FXStreet (Barcelona) - Shaun Osborne, Chief FX Strategist at TD Securities, notes that the strong US Jobs and wages have boosted Fed rate hike expectations, further expecting USD’s gains to extend in the months ahead as markets await the rate lift-off.

Key Quotes

“Friday’s US Non-farm payroll data came in above expectations, with upward revisions to the back data (the strongest three-month gain in 17 years, according the Bloomberg) and with the added benefit of a meaningful push up in hourly earnings—a trifecta of developments which will be music to the ears of the FOMC. US yields pushed higher and the USD followed suit fairly quickly.”

“The onus is shifting to the data having make the case for the Fed not to move rates up in the next few months and investors will pay attention to wide/widening yield spreads in the USD’s favour, especially versus currencies where the central bank is easing or where rates are near zero.”

“The USD swing higher should extend in the months ahead as the Fed nears rate lift off.”

“We look for the Fed to modify its communication strategy further in this vein in March (by dropping “patient” from its policy statement) and Fed Chair Yellen should stay on message with regard to rate lift off at the congressional testimony she is due to deliver before the end of the month (no date set yet).”
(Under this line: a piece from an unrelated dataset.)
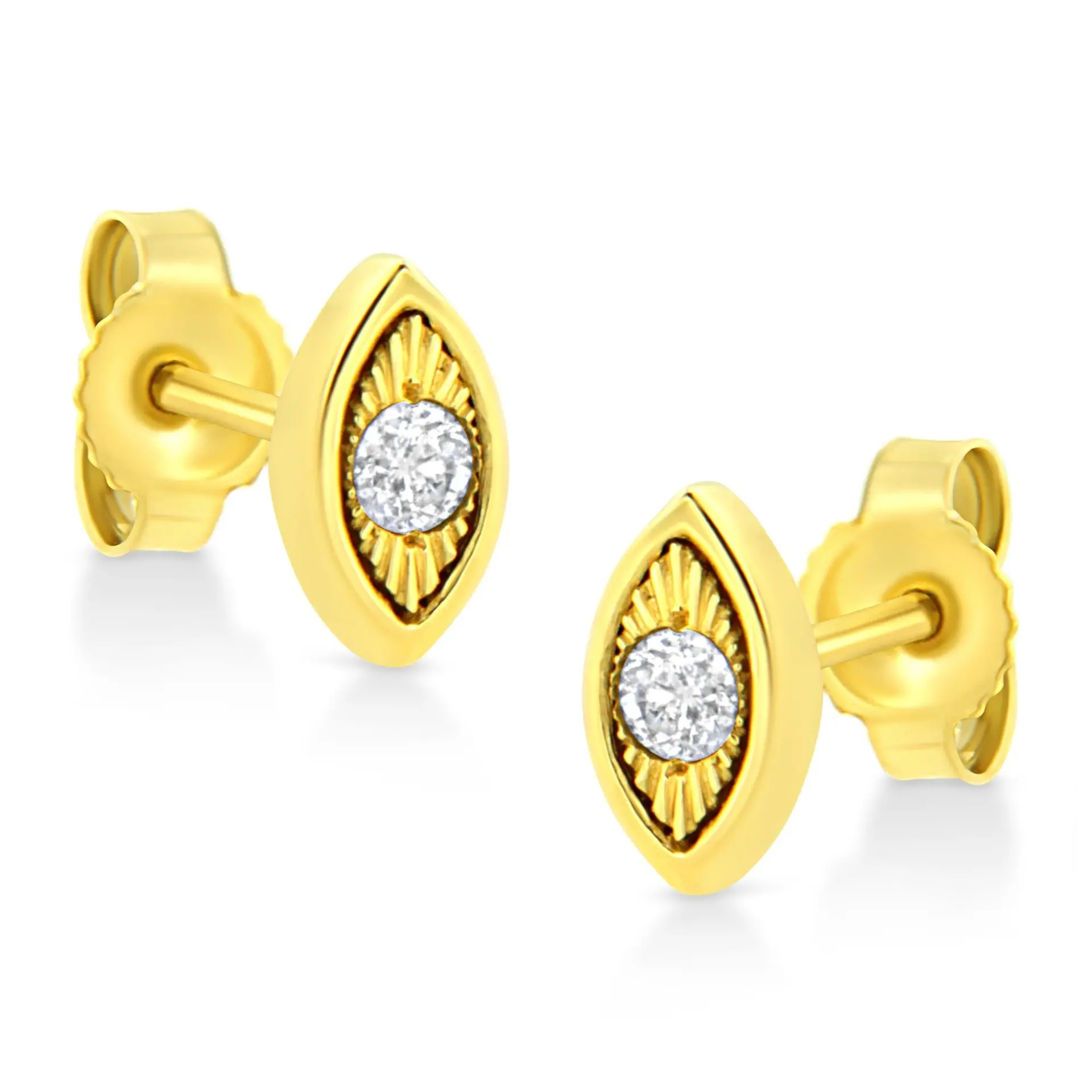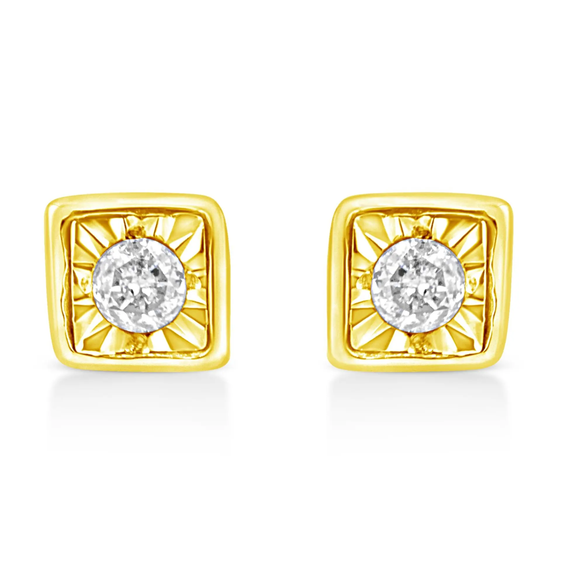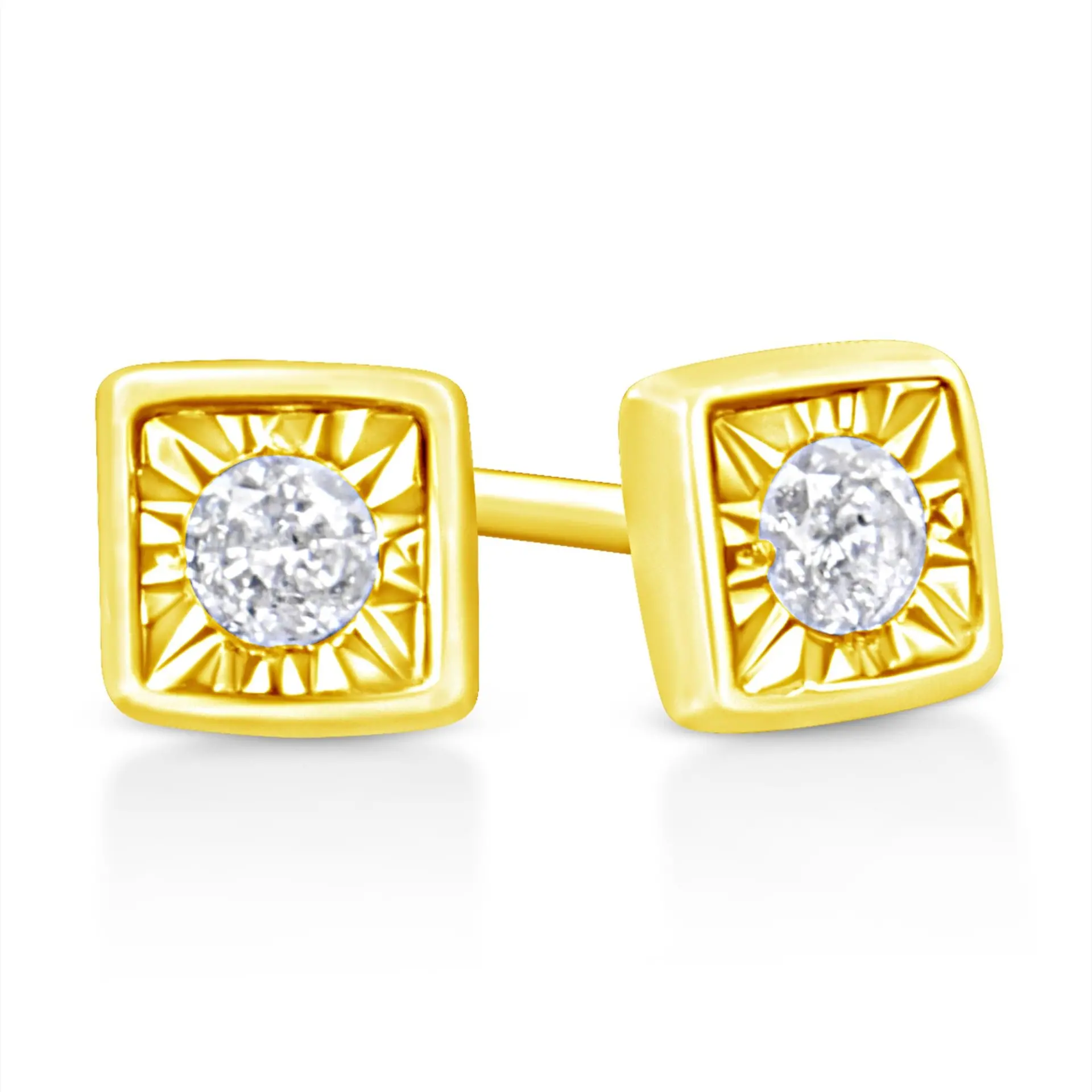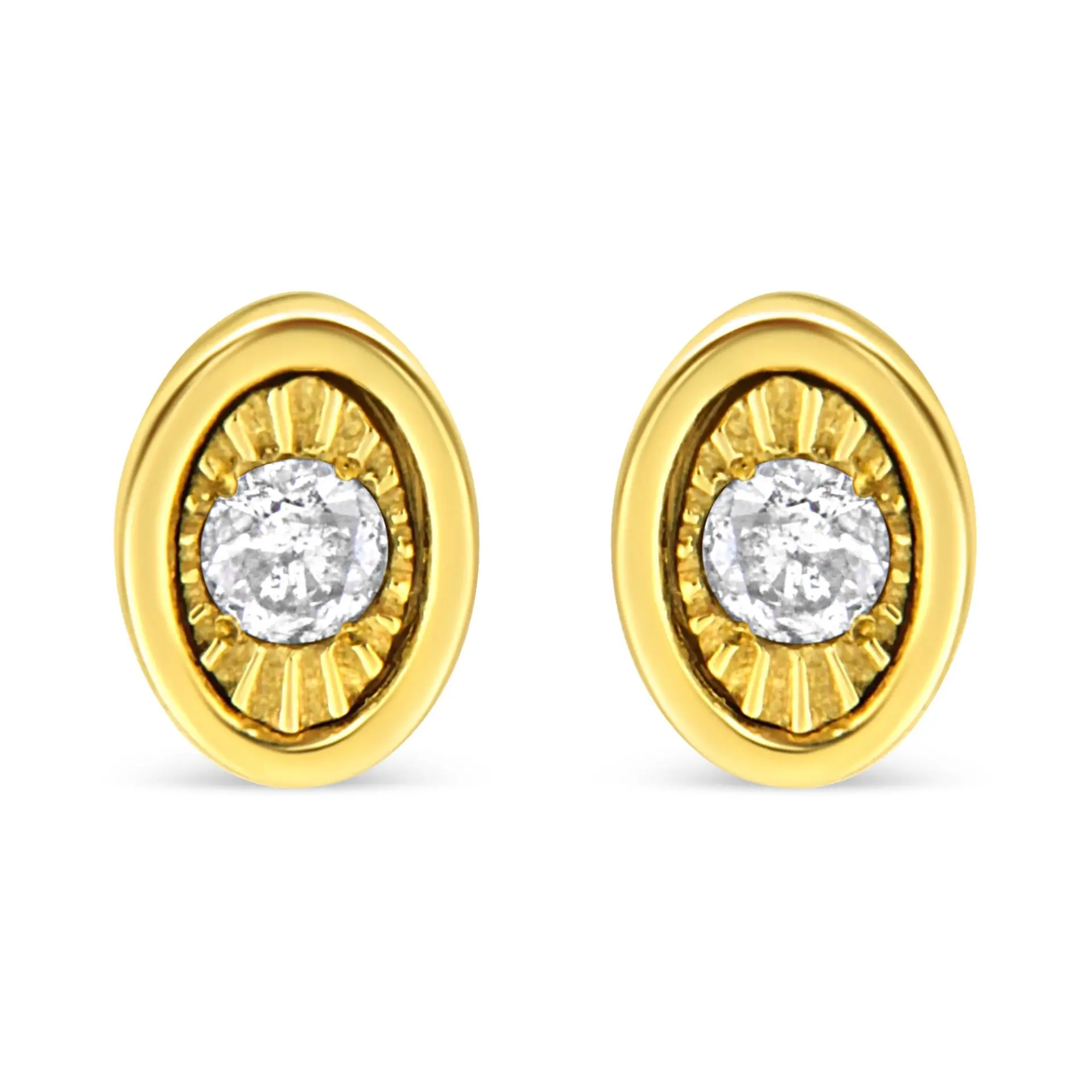 These circle shaped stud earrings are crafted in 10k yellow gold plated sterling silver and feature 1/10ct TDW of diamonds. Each earring features a single sparkling round cut diamond in a miracle setting that adds to the earrings sparkle. A polished warm yellow gold ribbon creates a frame around the earring. These studs secure with a push back mechanism.

“US data disappointing through H1 (in the way that is has done every year since 2010) was perhaps the biggest risk in our near-term outlook for the markets; strong employment data suggests we might just skirt the “spring swoon/soft patch/polar vortex” issue this year.”

“Investors may have to recalibrate their own expectations regarding the likelihood of Fed rate increases occurring sooner rather than later.”